Provided material:
*** Block opens ***

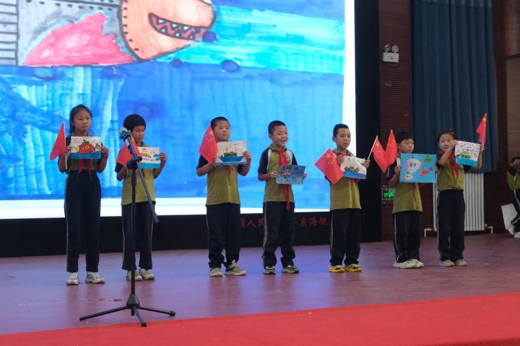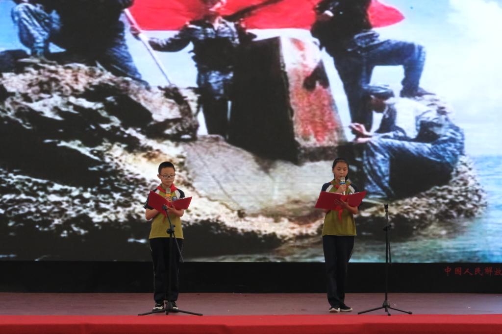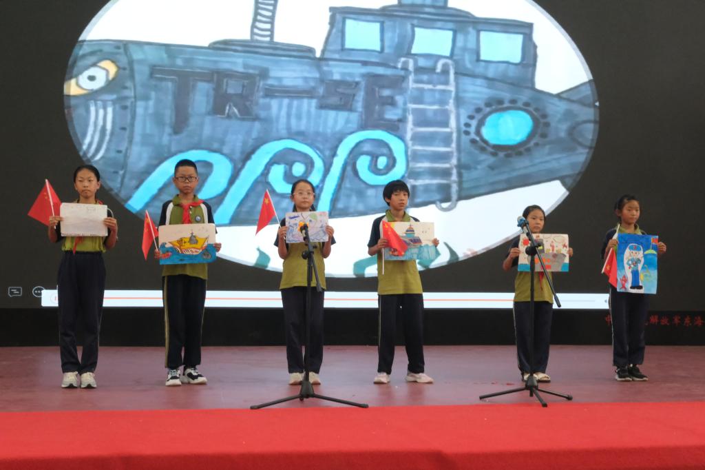 “满灯的星辰镶嵌在夜阑,人民海军的精神永远不眠,先锋猛虎海空雄鹰,核潜航母逐浪滔天,亚丁湾奔涌着大国风采,和平崛起铸剑深蓝……”孩子们声情并茂、慷慨激昂。他们深情地朗诵,把优美的文字化为生动的话,表达对人民海军的崇敬之情。
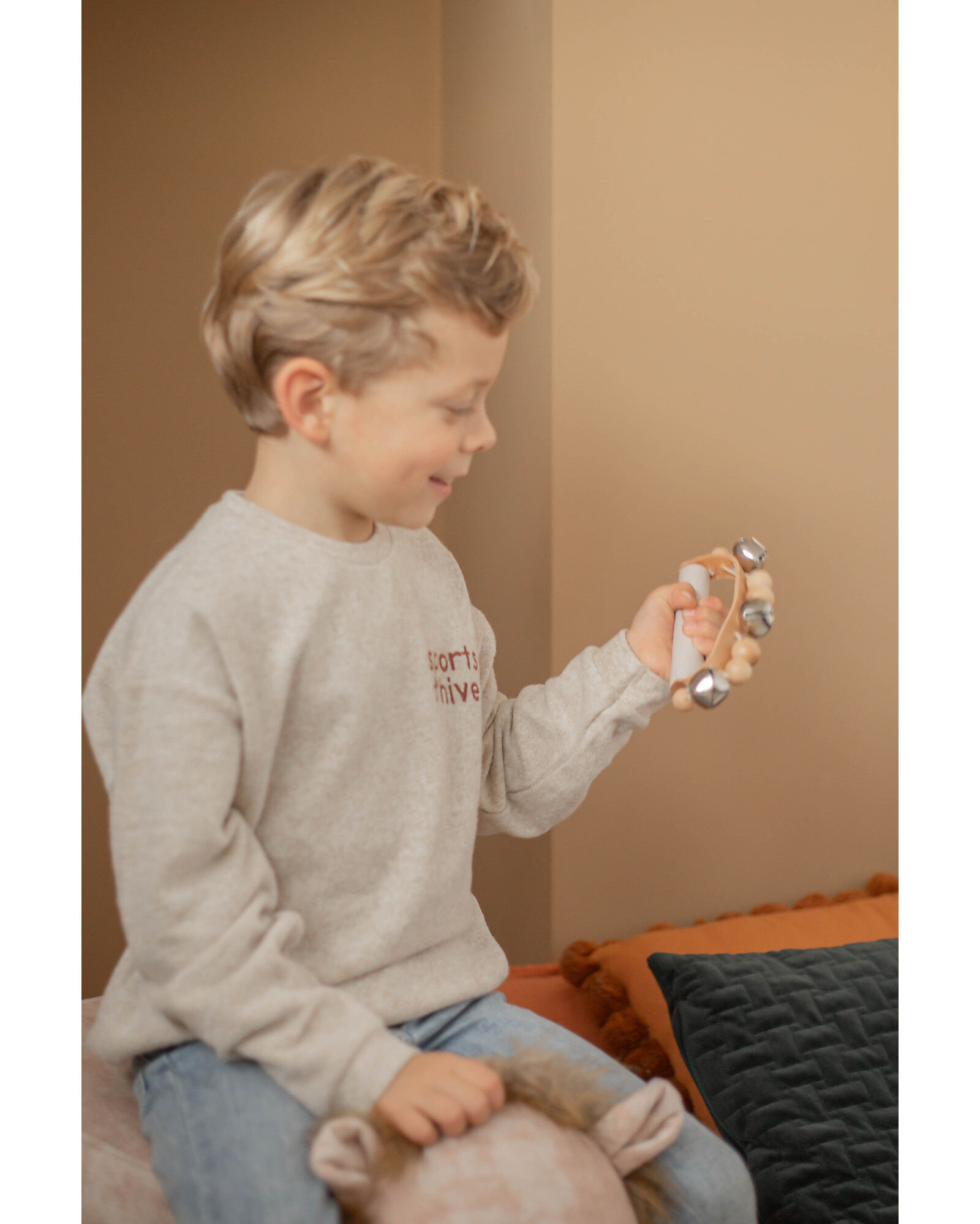 A musical bell shaker that brings children the joy of spontaneous music and movement. Easy to grip, it’s perfect for encouraging coordination and auditory perception from an early age. Every shake creates a cheerful sound that fills playtime with rhythm and lightness. With its thoughtful design and natural materials, it’s safe, durable, and pleasant to the touch. A small instrument that sparks musical curiosity and offers sound-filled joy with every move.
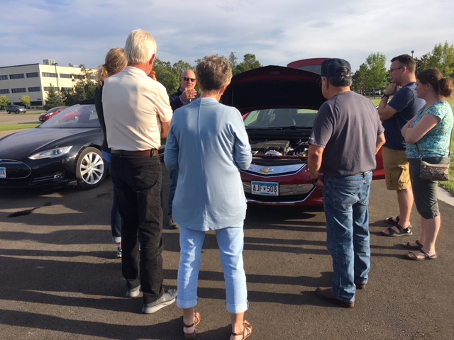 What this event showed me most clearly was the sense of community that has grown among Minnesota EV owners. I spoke with two Tesla owners who say they are involved in groups that meet monthly to chat about new advances in the technology and what they've learned on the road. They are also involved in online forms through which they say they gain inside information about new Tesla developments before they're even released to the public.

*** Block closes ***

What this task involves: Please restate the material word for word; the pictures stay out.

Solved exercise:
 “满灯的星辰镶嵌在夜阑,人民海军的精神永远不眠,先锋猛虎海空雄鹰,核潜航母逐浪滔天,亚丁湾奔涌着大国风采,和平崛起铸剑深蓝……”孩子们声情并茂、慷慨激昂。他们深情地朗诵,把优美的文字化为生动的话,表达对人民海军的崇敬之情。
 A musical bell shaker that brings children the joy of spontaneous music and movement. Easy to grip, it’s perfect for encouraging coordination and auditory perception from an early age. Every shake creates a cheerful sound that fills playtime with rhythm and lightness. With its thoughtful design and natural materials, it’s safe, durable, and pleasant to the touch. A small instrument that sparks musical curiosity and offers sound-filled joy with every move.
 What this event showed me most clearly was the sense of community that has grown among Minnesota EV owners. I spoke with two Tesla owners who say they are involved in groups that meet monthly to chat about new advances in the technology and what they've learned on the road. They are also involved in online forms through which they say they gain inside information about new Tesla developments before they're even released to the public.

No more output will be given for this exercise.